Jenna took his hand, warm and dry, and gave it a squeeze. “Hi, Mr. Taylor.”
He seemed to have grown heavier since Jenna had seen him a few months before. He wasn’t moving well then, leaning on the metal arms of a walker, the kind with tennis balls on two of the legs. It now sat next to his recliner and a small side table filled with a mix of cough drops and candy wrappers, a glass of water, and the television remote.
“Tell your mother that I let the police know about those kids that were parking down at the cul-de-sac. Shouldn’t be a problem anymore, I bet.”
Jenna swallowed and gently pulled her hand away. “I’ll tell her.”
Ethel met her eyes, then motioned her to the formal living room. “Sit. I’ll bring the coffee.”
As Jenna sat down in one of the matchi
ng upholstered chairs, she noticed a framed photograph on the end table. She picked it up, feeling all the moisture from her mouth dry up as though it had been sucked away somehow. It was a picture of Steve and Anna.
It should get easier to see them together after all these years. It wasn’t jealousy, exactly. At least, Jenna didn’t want to be with Steve. She had dodged a bullet—another cheater. But just as her anger with Jackson lingered, so did her feelings of betrayal. They had been best friends, then together for a few years, talking about marriage and long-term life plans. Before Anna.
She looked almost unchanged from high school, when she had stolen Steve away. Stylish haircut, but same high cheeks, big brown eyes, and a wide white smile. This was a woman who got a man and kept him. She didn’t worry about getting Chlamydia from her husband. In another picture on the table, Jenna saw their two little girls, who looked like mini-Annas.
She had always wanted children. She and Mark got married in their late twenties and had the same argument about having kids again and again. She wanted them. He didn’t. Now it made so much more sense. And made her feel even more like she had wasted so many important years of her life in a colossal way. Her eggs might be stale by now. What was the likelihood she could meet a man she could trust, fall in love, get married, and get pregnant in the tiny window she had left? It was probably a dream best to give up on. Let the Annas and Steves of the world repopulate with beautiful babies.
“Here we go,” Ethel said, setting down china cups with saucers.

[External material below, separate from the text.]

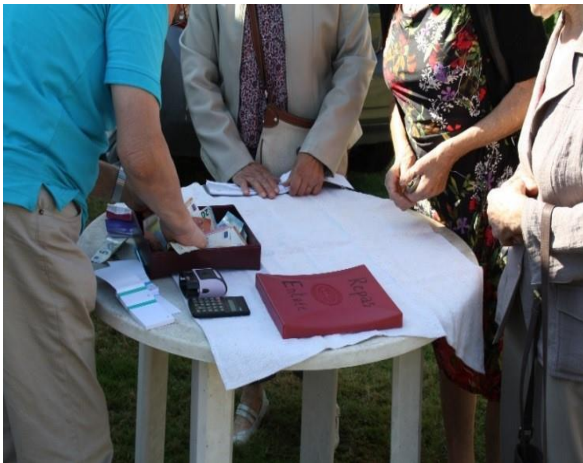
Ill. 10. Stand pour acheter son ticket repas, pardon de Locmaria à Langoëlan (Morbihan).
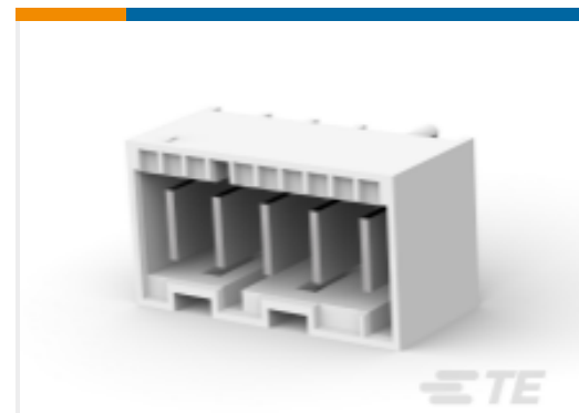
TE 产品编号2232532-5 5P, PL RAST 5 Tab Header, TH,Vertical

Jenna replaced the photograph. Ethel didn’t mention it. That was their unspoken rule to keep this relationship working: Don’t talk about Steve. “Thank you.”
Ethel never remembered that Jenna didn’t take sugar, but she never complained. She took a few sips, trying to gather her thoughts. Normally the talk came easily, but today Jenna didn’t know where to start. She didn’t want to talk about her mother or her failed marriage and they couldn’t talk about Steve. Not that she wanted to.